◆ DATA EXCERPTS ◆
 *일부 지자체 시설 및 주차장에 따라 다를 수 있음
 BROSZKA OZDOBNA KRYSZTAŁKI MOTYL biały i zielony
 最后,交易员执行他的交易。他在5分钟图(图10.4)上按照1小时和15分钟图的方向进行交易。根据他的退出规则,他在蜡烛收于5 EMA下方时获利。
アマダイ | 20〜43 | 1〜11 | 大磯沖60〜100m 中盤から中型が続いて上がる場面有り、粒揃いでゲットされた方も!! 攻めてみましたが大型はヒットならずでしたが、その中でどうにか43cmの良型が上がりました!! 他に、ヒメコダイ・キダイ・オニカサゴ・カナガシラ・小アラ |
==
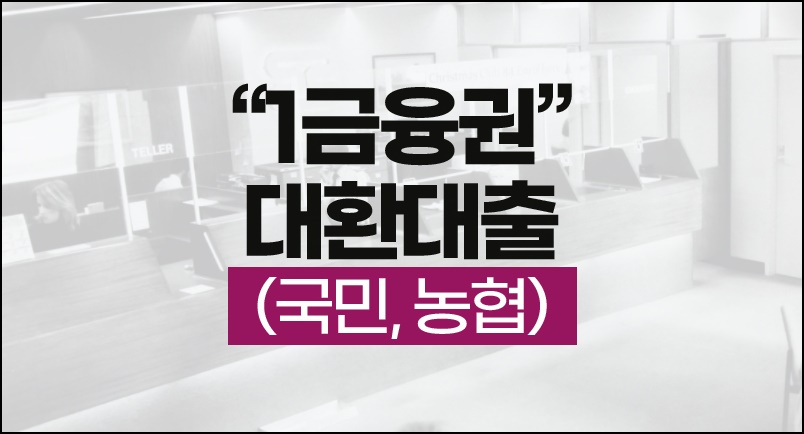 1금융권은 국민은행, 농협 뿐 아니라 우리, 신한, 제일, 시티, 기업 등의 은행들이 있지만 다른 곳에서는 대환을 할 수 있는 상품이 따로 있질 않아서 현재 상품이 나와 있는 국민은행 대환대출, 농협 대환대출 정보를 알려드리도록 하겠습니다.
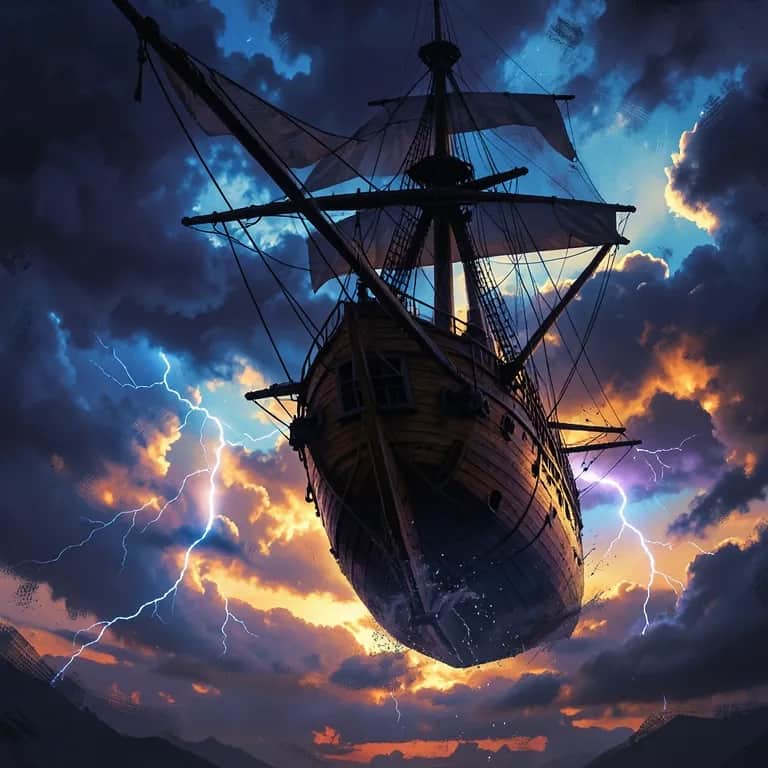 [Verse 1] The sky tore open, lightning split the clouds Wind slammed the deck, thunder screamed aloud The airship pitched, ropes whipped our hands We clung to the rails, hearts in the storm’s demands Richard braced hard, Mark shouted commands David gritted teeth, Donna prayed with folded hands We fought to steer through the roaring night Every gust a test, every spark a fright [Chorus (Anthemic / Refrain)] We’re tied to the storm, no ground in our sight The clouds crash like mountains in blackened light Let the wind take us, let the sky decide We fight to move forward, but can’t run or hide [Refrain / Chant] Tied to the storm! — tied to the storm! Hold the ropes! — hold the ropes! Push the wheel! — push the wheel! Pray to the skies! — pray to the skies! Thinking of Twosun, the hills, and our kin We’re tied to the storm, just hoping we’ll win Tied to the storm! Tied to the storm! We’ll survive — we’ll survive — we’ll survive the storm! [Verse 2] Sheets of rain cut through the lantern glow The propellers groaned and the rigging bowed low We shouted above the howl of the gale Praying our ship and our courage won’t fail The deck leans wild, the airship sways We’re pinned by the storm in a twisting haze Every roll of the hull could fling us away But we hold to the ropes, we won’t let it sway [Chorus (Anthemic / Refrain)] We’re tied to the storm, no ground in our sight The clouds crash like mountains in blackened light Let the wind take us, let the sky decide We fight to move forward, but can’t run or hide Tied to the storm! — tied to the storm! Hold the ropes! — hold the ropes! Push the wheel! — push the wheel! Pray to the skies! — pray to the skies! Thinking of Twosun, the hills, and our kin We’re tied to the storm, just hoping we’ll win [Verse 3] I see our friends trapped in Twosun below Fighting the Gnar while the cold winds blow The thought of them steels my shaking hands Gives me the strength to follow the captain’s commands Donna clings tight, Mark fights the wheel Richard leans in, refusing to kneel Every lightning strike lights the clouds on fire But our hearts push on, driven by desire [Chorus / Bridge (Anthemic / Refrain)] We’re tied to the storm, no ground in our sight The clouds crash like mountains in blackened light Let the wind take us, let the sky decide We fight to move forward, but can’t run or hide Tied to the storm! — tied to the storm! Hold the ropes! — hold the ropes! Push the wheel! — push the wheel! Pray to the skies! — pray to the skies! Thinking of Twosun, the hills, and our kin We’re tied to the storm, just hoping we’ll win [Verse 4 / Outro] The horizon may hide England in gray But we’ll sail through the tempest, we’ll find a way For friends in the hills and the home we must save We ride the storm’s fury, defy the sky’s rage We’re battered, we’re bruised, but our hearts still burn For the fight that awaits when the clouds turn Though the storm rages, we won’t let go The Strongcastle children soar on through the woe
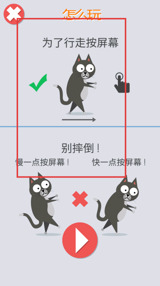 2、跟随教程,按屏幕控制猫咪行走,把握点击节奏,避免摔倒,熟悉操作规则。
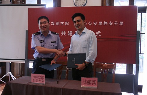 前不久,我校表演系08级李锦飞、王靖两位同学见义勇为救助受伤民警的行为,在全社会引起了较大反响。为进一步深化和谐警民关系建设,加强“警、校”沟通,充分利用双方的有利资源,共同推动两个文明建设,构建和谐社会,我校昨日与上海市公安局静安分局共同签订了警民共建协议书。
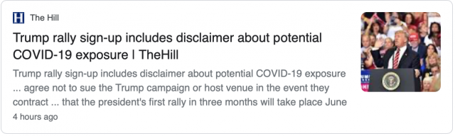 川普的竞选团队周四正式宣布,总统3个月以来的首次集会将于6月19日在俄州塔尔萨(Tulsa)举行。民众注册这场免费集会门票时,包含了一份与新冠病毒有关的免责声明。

◆ PROBLEM STATEMENT ◆
From the line with "前不久,我校表演系08级李锦" up to and including the line with "川普的竞选团队周四正式宣布,总统3个月以" above, retype every line exactly and nothing more; leave out the pictures.

◆ SOLUTION TO THIS TASK ◆
 前不久,我校表演系08级李锦飞、王靖两位同学见义勇为救助受伤民警的行为,在全社会引起了较大反响。为进一步深化和谐警民关系建设,加强“警、校”沟通,充分利用双方的有利资源,共同推动两个文明建设,构建和谐社会,我校昨日与上海市公安局静安分局共同签订了警民共建协议书。
 川普的竞选团队周四正式宣布,总统3个月以来的首次集会将于6月19日在俄州塔尔萨(Tulsa)举行。民众注册这场免费集会门票时,包含了一份与新冠病毒有关的免责声明。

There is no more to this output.